今井 もともと実家が、群馬にある「聖酒造」という酒蔵なんです。酒蔵の家に生まれた身として、いま日本酒が飲まれなくなっている状況は歯がゆい。日本酒業界全体に、何か僕ができることはないかと学生時代から考えてきてました。でも、残念ながら日本酒業界はまだまだ国内で小さくまとまっている状況なので、それを打破するためにも、僕はWAKAZEで日本酒を「世界酒」にすることを目指そうと考えました。
──今は海外でも日本酒は人気が出てきていますしね。
今井 日本酒が「世界酒」になるには、日本から世界に輸出するだけではなく、世界各地で日本酒が作られて、“地酒”になっていくことが大切。現地の人のアイデンティティがこもった日本酒が世界各地で造られてほしいと思っています。
──世界各地でワインが作られているように?
今井 そうですね。ブルゴーニュワイン、カリフォルニアワイン、グルジアワインのように、日本酒も世界中で、その土地ごとのお酒として広がってほしい。ただ、海外で造られたお酒は厳密には「日本酒」とは呼べないので、私たちは「SAKE」と呼んでいます。

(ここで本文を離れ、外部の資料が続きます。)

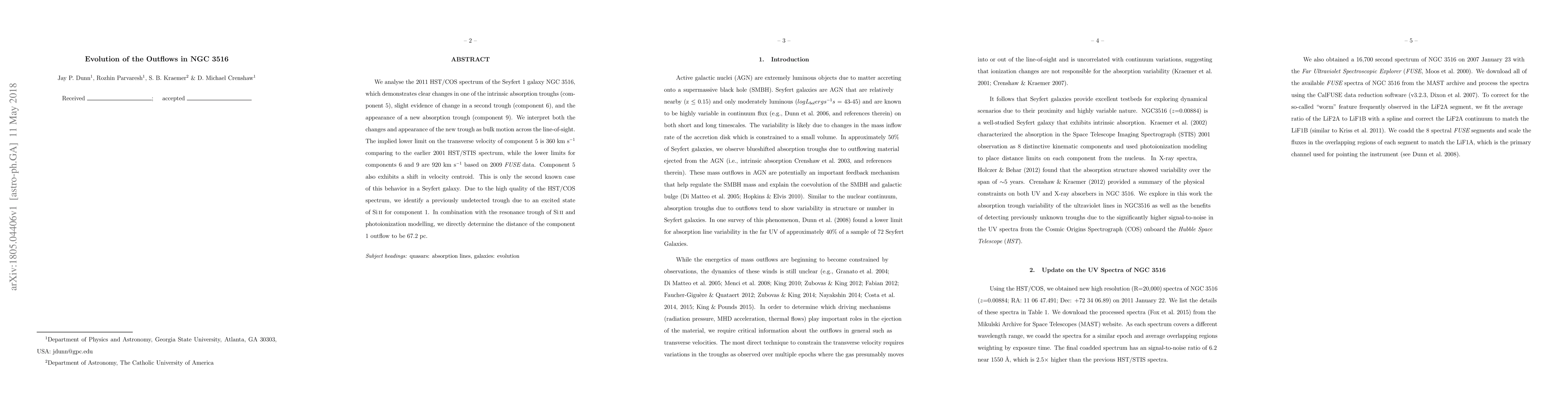 We analyze the 2011 HST/COS spectrum of the Seyfert 1 galaxy NGC 3516, which demonstrates clear changes in one of the intrinsic absorption troughs (component 5), slight evidence of change in a second trough (component 6), and the appearance of a new absorption trough (component 9). We interpret both the changes and the appearance of the new trough as bulk motion across the line of sight. The implied lower limit on the transverse velocity of component 5 is 360 km/s, compared to the earlier 2001 HST/STIS spectrum, while the lower limits for components 6 and 9 are 920 km/s, based on 2009 FUSE data. Component 5 also exhibits a shift in velocity centroid. This is only the second known case of this behavior in a Seyfert galaxy. Due to the high quality of the HST/COS spectrum, we identify a previously undetected trough due to an excited state of Si II for component 1. In combination with the resonance trough of Si II and photoionization modeling, we directly determine the distance of the component 1 outflow to be 67.2 pc.
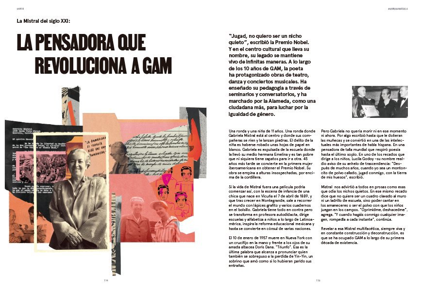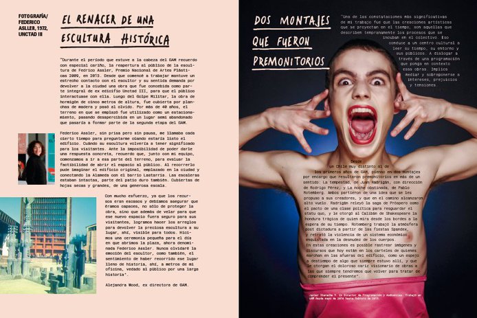 A través de sus páginas, se hace un recorrido por la historia del edificio, el significado social que ha tenido y su diálogo con la ciudadanía. Este trabajo es el resultado de una investigación por los períodos menos estudiados —como cuando fue Diego Portales—, tiene anécdotas inéditas de cuando fue Centro Metropolitano Gabriela Mistral y sabrosos detalles de todas sus etapas, incluidas las de GAM, que no se habían publicado. Respecto al periodo más reciente, los reportajes develan el pulso cultural, artístico y ciudadano de los últimos 10 años. El libro inaugura, junto a la Colección de dramaturgias, el sello Ediciones GAM con el que se busca aportar contenidos que contextualicen y vinculen la labor artística con públicos diversos.
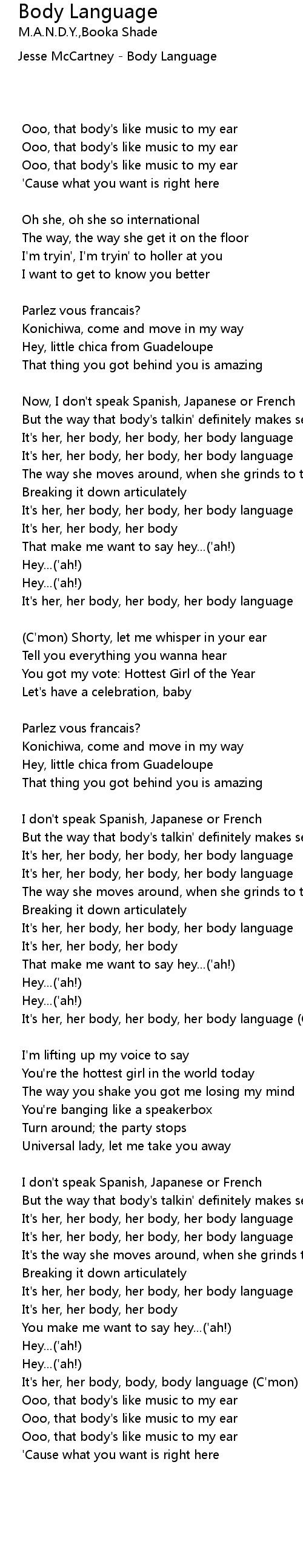 Body Language Lyrics
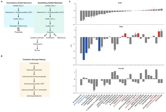 Metabolites related to sulfate reduction. (A) The primary metabolites involved in dissimilatory and sulfate reduction, along with key downstream molecules [62,63]. (B) The primary metabolites involved in the cobalamin salvage pathway [64]. (C) The difference in the abundances of metabolites from the above pathways detected in the VDRΔLyz mice relative to the VDRLoxp mice. LFC indicates the Log2 fold change. Gray indicates a lack of statistical significance (p ≤ 0.05), while the presence of a significant difference is given by non-gray color and * annotation. A # indicates marginal significance (p ≤ 0.1).
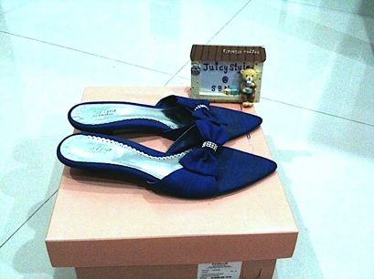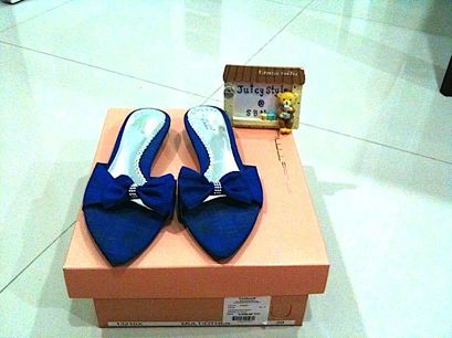 FASINO รองเท้าสีสันสดใส น้ำเงินสดรูปโบว์ประดับมุก สูง 1.25" SIZE 40

海外でSAKEが広まるには、SAKEの造り手の数が増えないといけない。だから僕たちはフランスでSAKE造りに挑むことにしました。自分たちがロールモデルとなって、世界中の人に「もしかしたら自分たちもSAKEが造れるかもしれない」と思ってほしいんです。
 

酒造りの舞台はフランスへ! 硬水で醸すフランスの「SAKE」とは

今井さんはフランスでの挑戦が実るまで、帰国は考えていないという。
──それは壮大な計画ですね。
今井 すでにパリに自社の酒蔵をつくって、SAKE造りに挑戦しています。パリは食の都だし、フランスはワイン大国でもある。きっと評価も厳しいでしょう。でも、あえてこの場所を選びました。
日本と同じものを造るんだったら輸出と変わらないので、パリでしか造れないものにトライしたい。素材はフランス産の米を使用して、水は現地の硬水で仕込み、酵母は地元のワイン酵母を使う。そのあたりも徹底してチャレンジしたいですね。
軟水と硬水ではモノがまったく違いますし、難易度はかなり高いと思いますが、完成したあかつきには、ぜひパリにSAKEを飲みにきてくださいね!
 
株式会社WAKAZE●2016年設立、「日本酒を世界酒に」をビジョンに活動するスタートアップ企業。「委託醸造」という形で自社の商品を開発・販売し、「ワイン樽を活用して熟成させた日本酒《オルビア》」や植物やスパイスを入れて風味づけをした新感覚の酒「ボタニカルSAKE《フォニア》」など革新的な酒を世に送り出してきた。2018年7月には「その他醸造酒」の製造免許を取得し、東京・三軒茶屋にて自社どぶろく醸造所と併設飲食店をオープン、新時代の「SAKE」の開発と発信を行なっている。